Effect of the kappa-opioid receptor agonist, U69593, on reinstatement of extinguished amphetamine self-administration behavior

Previous research has indicated that pretreatment with the kappa-opioid receptor agonist, U69593, decreased the ability of experimenter-administered cocaine to reinstate extinguished cocaine self-administration behavior.
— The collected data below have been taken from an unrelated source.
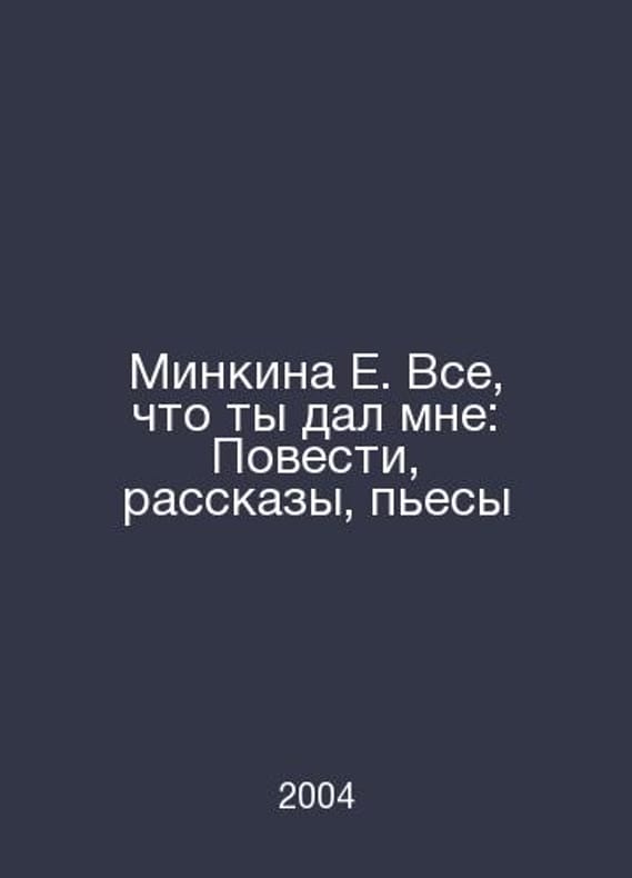 Minkina E. All You Gave Me: Stories, Stories, Plays In Russian /Minkina E. Vse, chto ty dal mne: Povesti, rasskazy, pesy St. Petersburg. Retro 2004.Contact us for details or to request photos of available books. Delivery of this book could take longer than normal due to additional handling time before shipping, and no rush delivery options are available. Please let us know if you have a specific date by which you need to receive your order.SKUalbf32b4ee2fbd6eddc
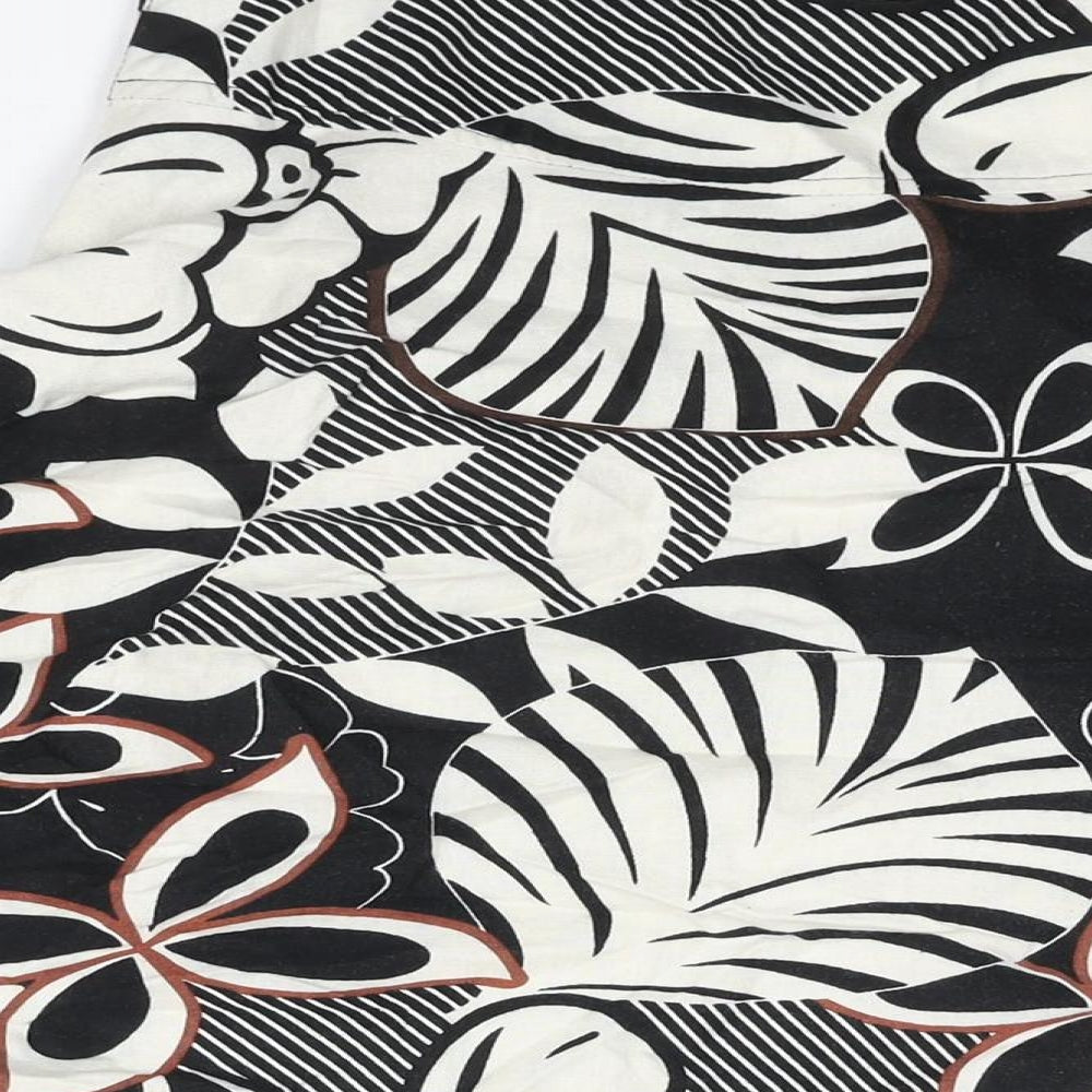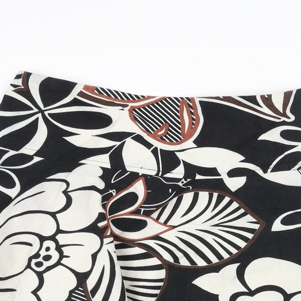 H&M Womens Black Floral Linen Flare Skirt Size 6 Zip
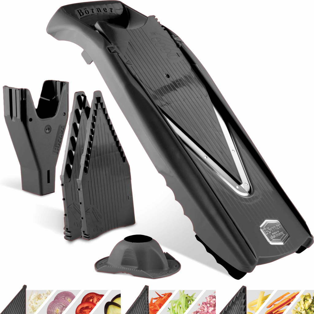 Новая версия оригинальной овощерезки Börner позволит Вам работать ещё более безопасно, точно и быстро, чем когда-либо прежде. Вам предлагается широкий выбор вариантов нарезки: ломтиками, соломкой в четырех вариантах, а также различными кубиками. В общей сложности доступно 10 вариантов нарезки.

This effect was specific to cocaine-produced drug seeking since U69593 failed to attenuate the ability of experimenter-administered amphetamine to reinstate extinguished cocaine self-administration behavior. One possibility is that U69593 selectively attenuates the behavioral effects of the drug that was originally self-administered. In order to test this hypothesis, the present study examined the effect of U69593 (0.0 or 0.32 mg/kg) on the reinstatement of extinguished amphetamine self-administration behavior produced by experimenter-administered injections of cocaine and amphetamine. Following extinction of amphetamine self-administration (0.04 mg/kg/infusion) the ability of cocaine (0.0, 5.0, 10.0 or 20.0 mg/kg) or amphetamine (0.0, 0.3, 1.0 or 3.0 mg/kg) to reinstate extinguished self-administration behavior was measured. Both drugs reinstated extinguished responding and the reinstatement was attenuated by pretreatment with U69593. The data indicate that the ability of U69593 to decrease drug seeking is not restricted to subjects experienced with cocaine self-administration. Self-administration history does, however, determine the effect of U69593 on amphetamine-produced drug seeking.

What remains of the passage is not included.